▶ _What the exercise asks_
Would you retype the lines from the one that holds "Multicolor UV core" to the final line of the entries below, both ends included and exactly as written, but without pictures?
Records to use START
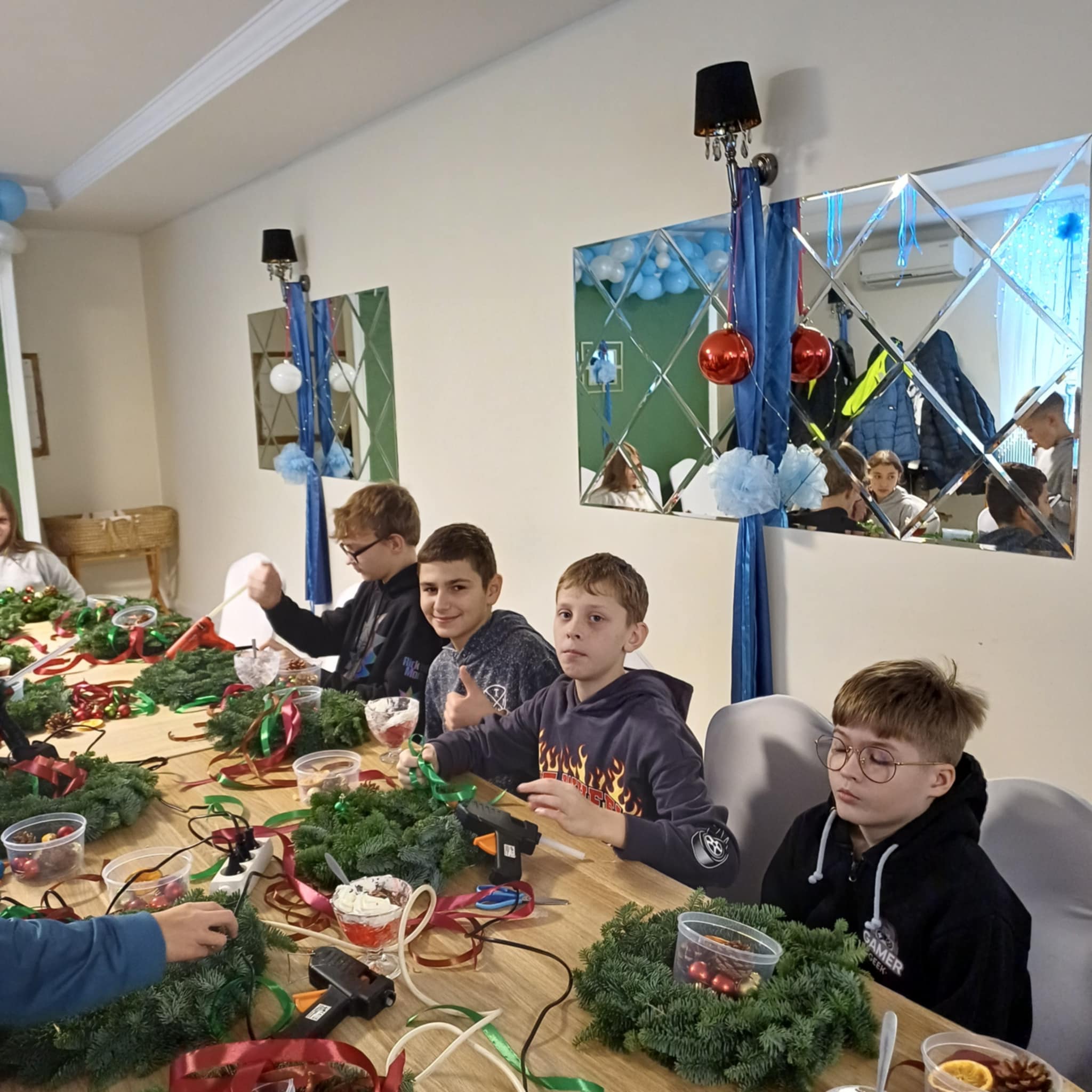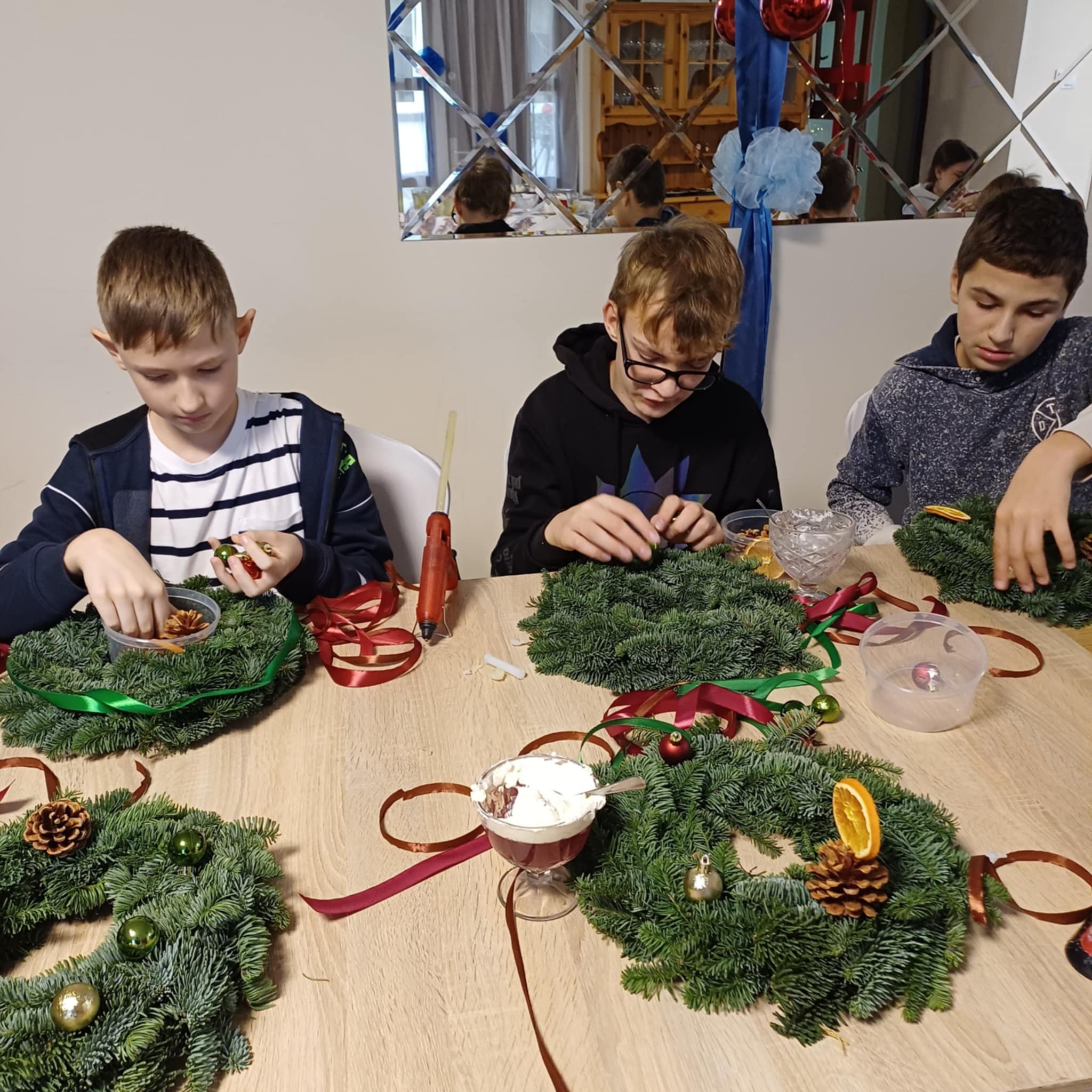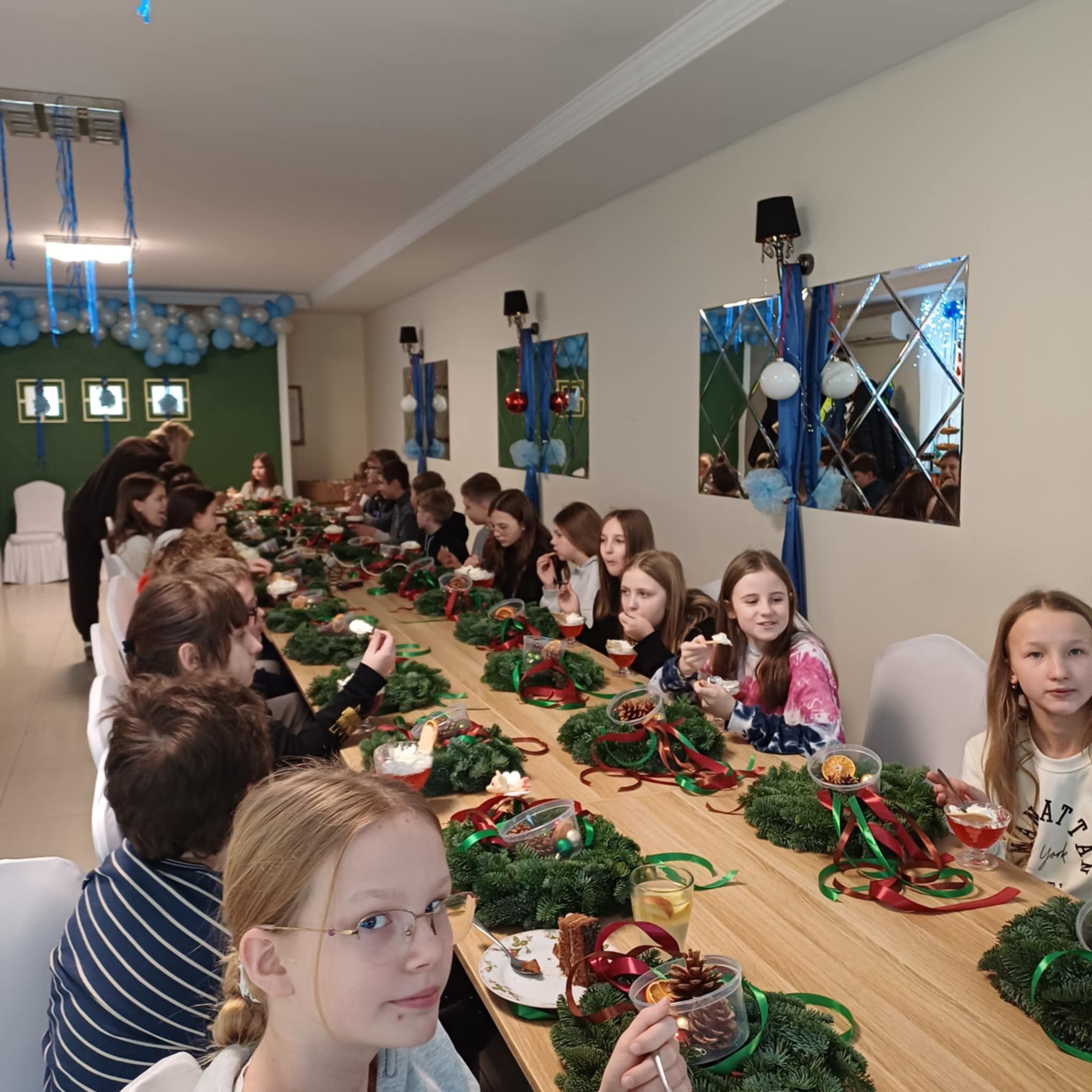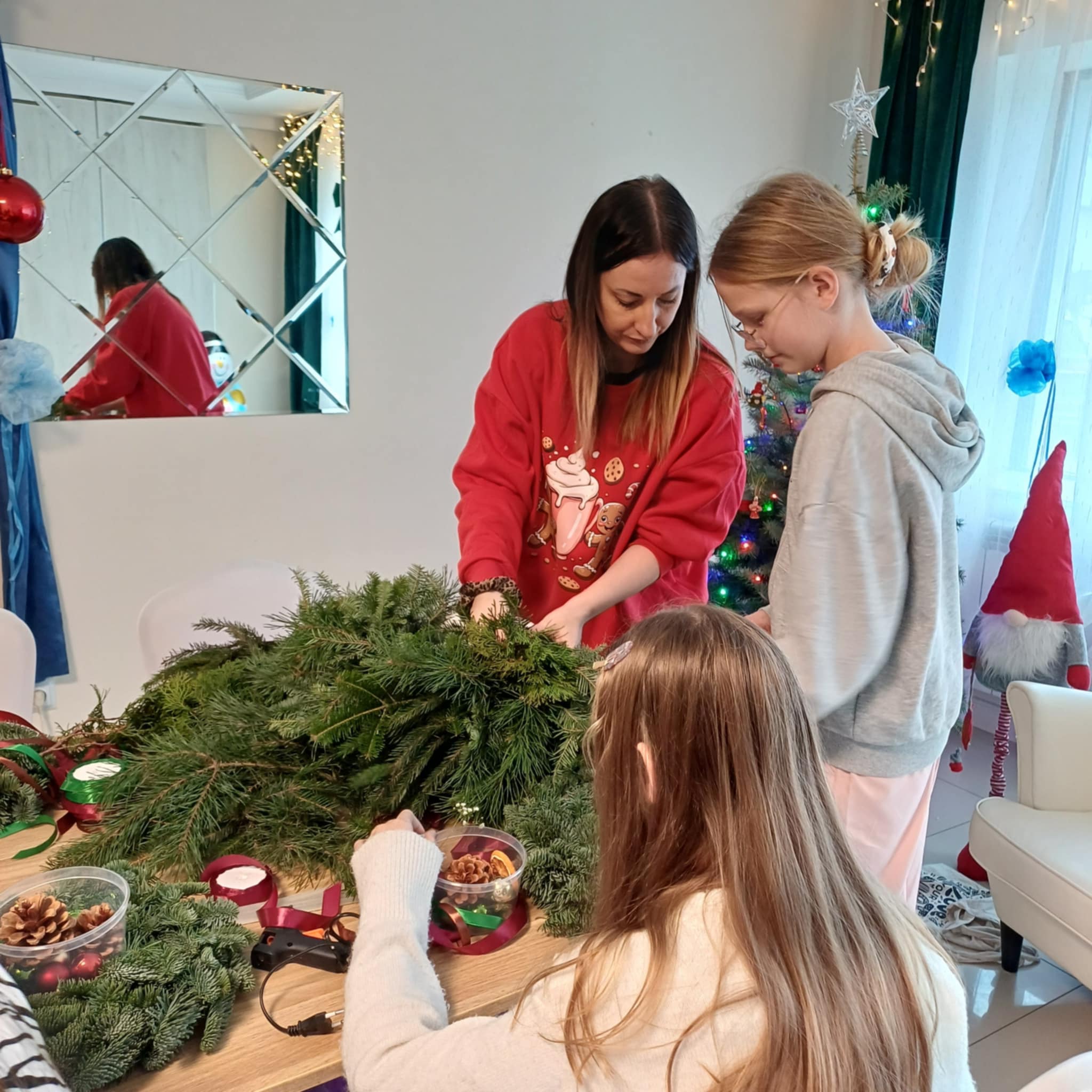 1 grudnia klasa 5c została zaproszona do restauracji „Tradycja”, gdzie w prawdziwie świątecznym nastroju odbyły się warsztaty tworzenia stroików bożonarodzeniowych, zorganizowane przez mamy z Rady Rodziców. W świątecznej scenerii, z choinką w tle, uczniowie z zapałem przystąpili do pracy. Każdy stroik był wyjątkowy, wykonany z dużym zaangażowaniem i sercem. Nie zabrakło także miłego akcentu – słodkiego poczęstunku, przygotowanego przez rodziców jednego z uczniów, co jeszcze bardziej podkreśliło świąteczną atmosferę tych wyjątkowych zajęć. To pełne radości, twórczej energii i świątecznej magii spotkanie z pewnością na długo pozostanie w pamięci całej klasy.
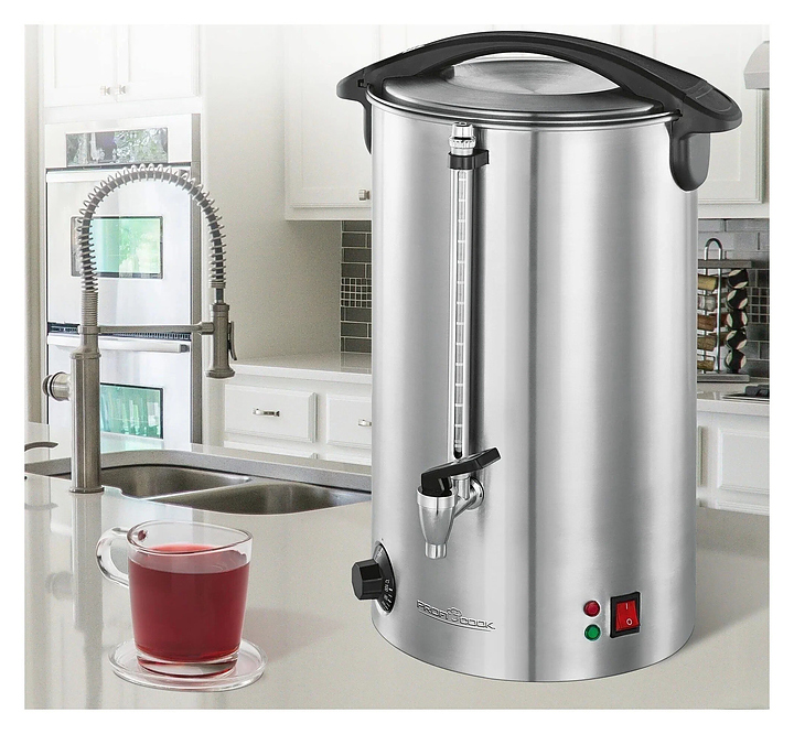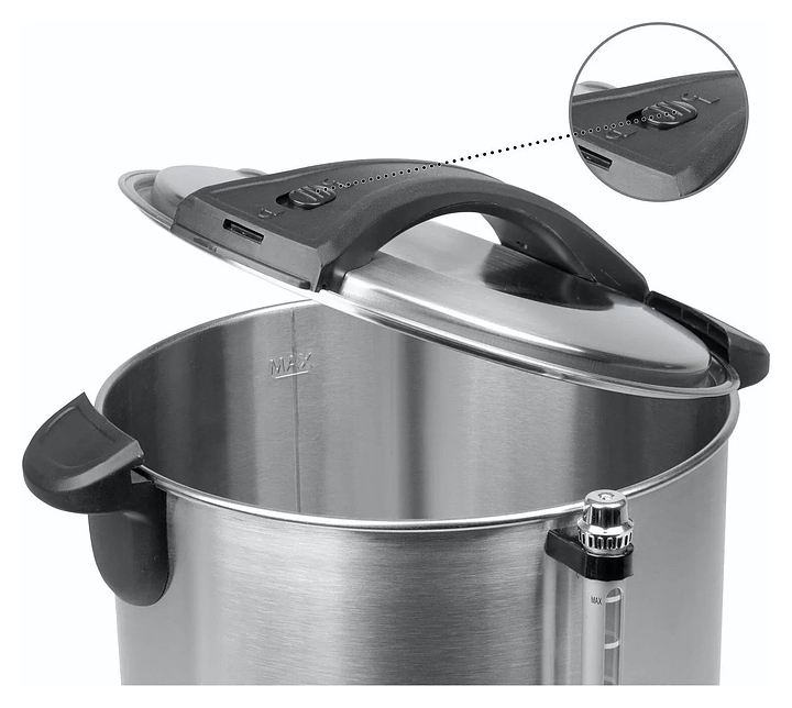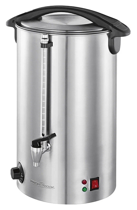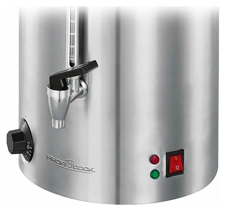 Термопот Profi Cook PC-HGA 1111 используется в квартирах, частных домах, кафе и ресторанах для нагрева и поддержания тепла большого количества воды или горячих напитков. Модель оснащена терморегулятором, 2 световыми индикаторами, запирающейся крышкой с термоизолированной ручкой и съемным сливным краном. Корпус и нагревательный элемент выполнены из нержавеющей стали, кран - цельнометаллический хромированный, ручки - из пластика. Особенности:
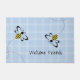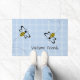 This welcome mat is perfect for spring decor. Designed by Aesthetic Journeys, it features adorable bee graphics on a blue striped background. Your own personalisation is also included. Use the template to change the message "customise it button" to change colours and fonts.
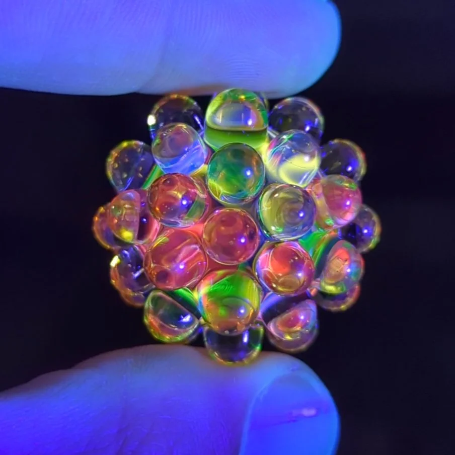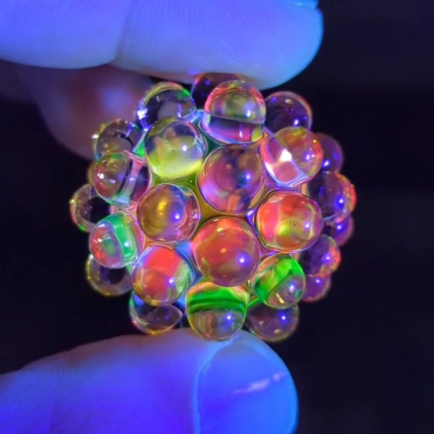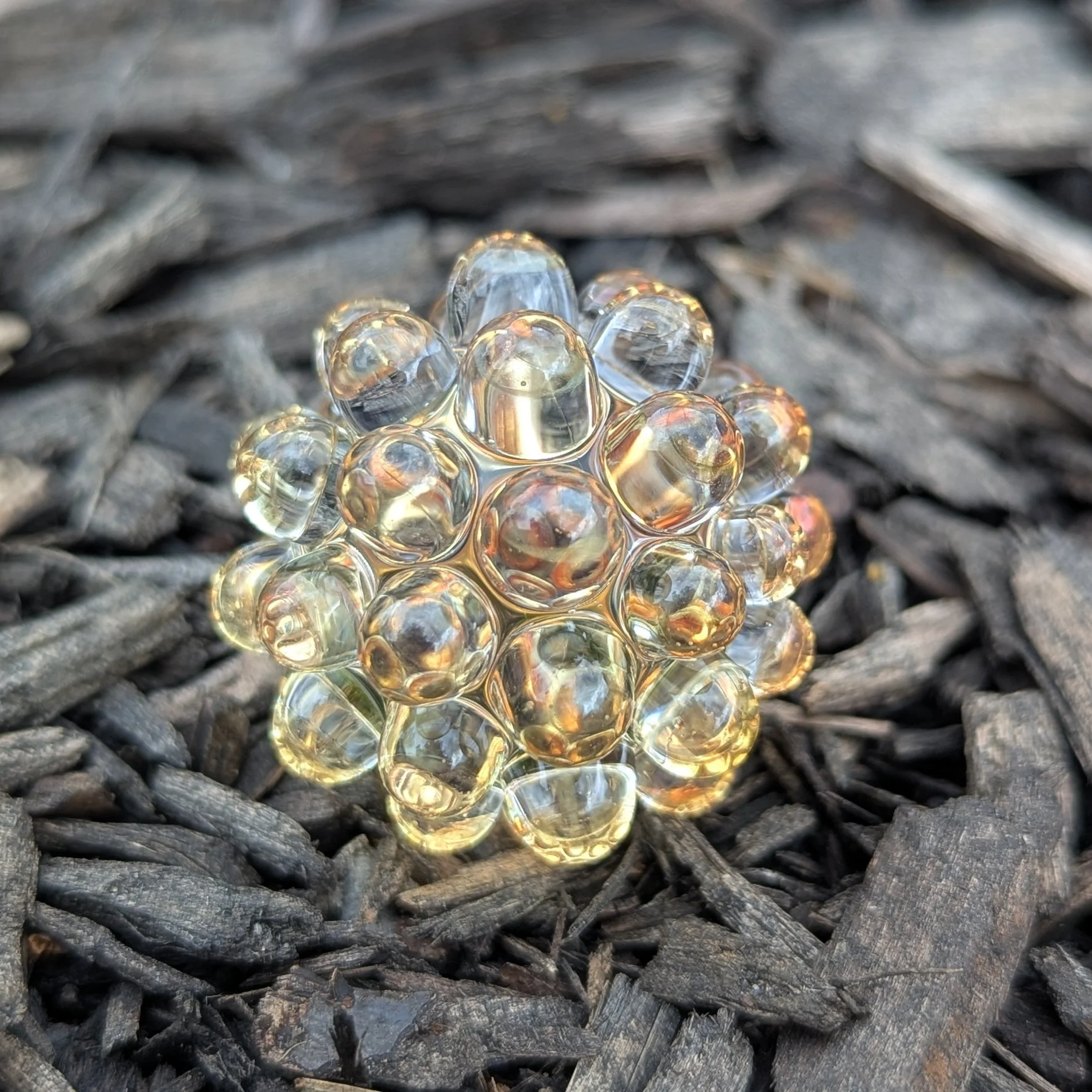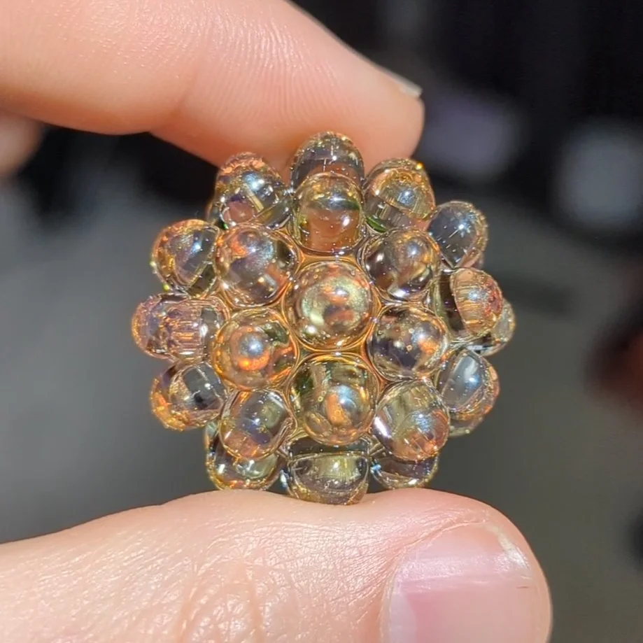 Multicolor UV core with 44 clear hobnails layered with a swirling shimmer glass. This one has a more subtle shimmer which looks really nice in the sunlight and looks like a nice champagne color.
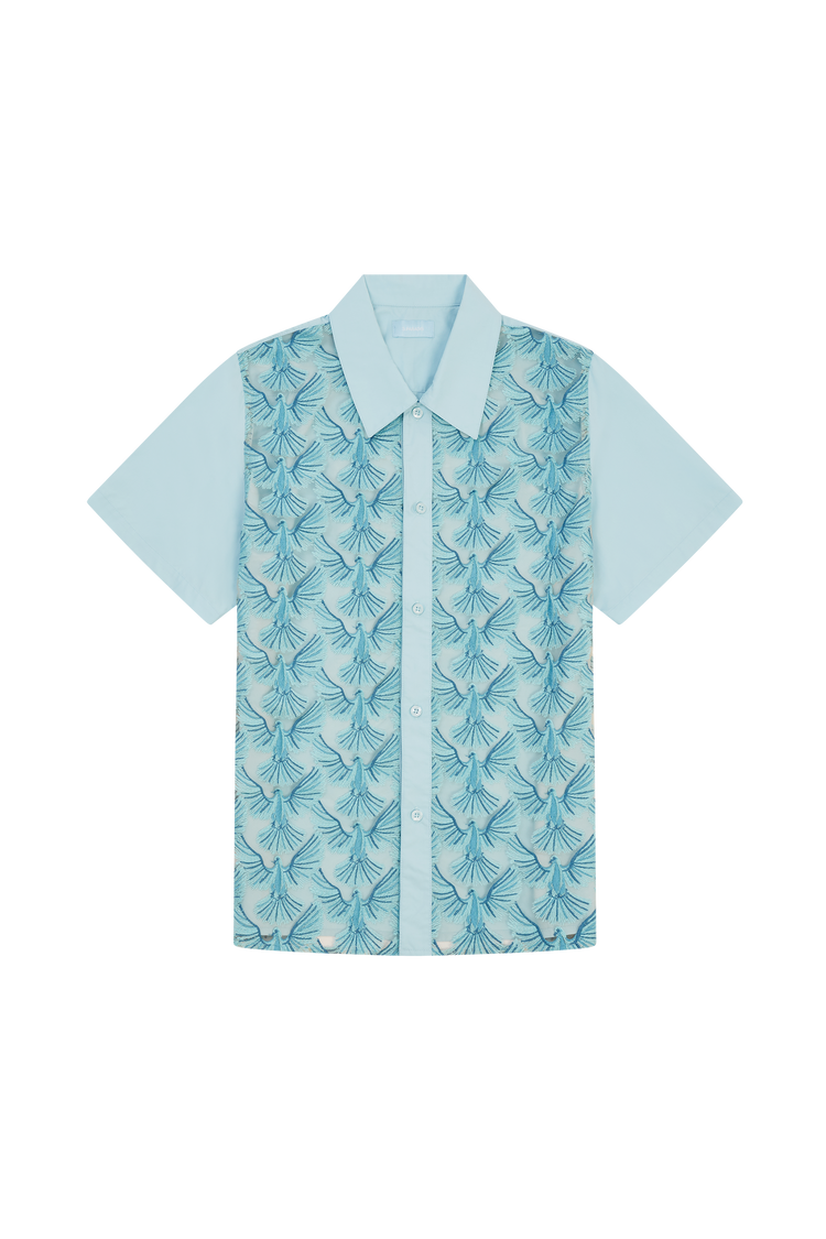 • Sky blue short sleeve shirt in birds all over embroidery tulle fabric
Records to use END
▶ _Answer space_
 Multicolor UV core with 44 clear hobnails layered with a swirling shimmer glass. This one has a more subtle shimmer which looks really nice in the sunlight and looks like a nice champagne color.
 • Sky blue short sleeve shirt in birds all over embroidery tulle fabric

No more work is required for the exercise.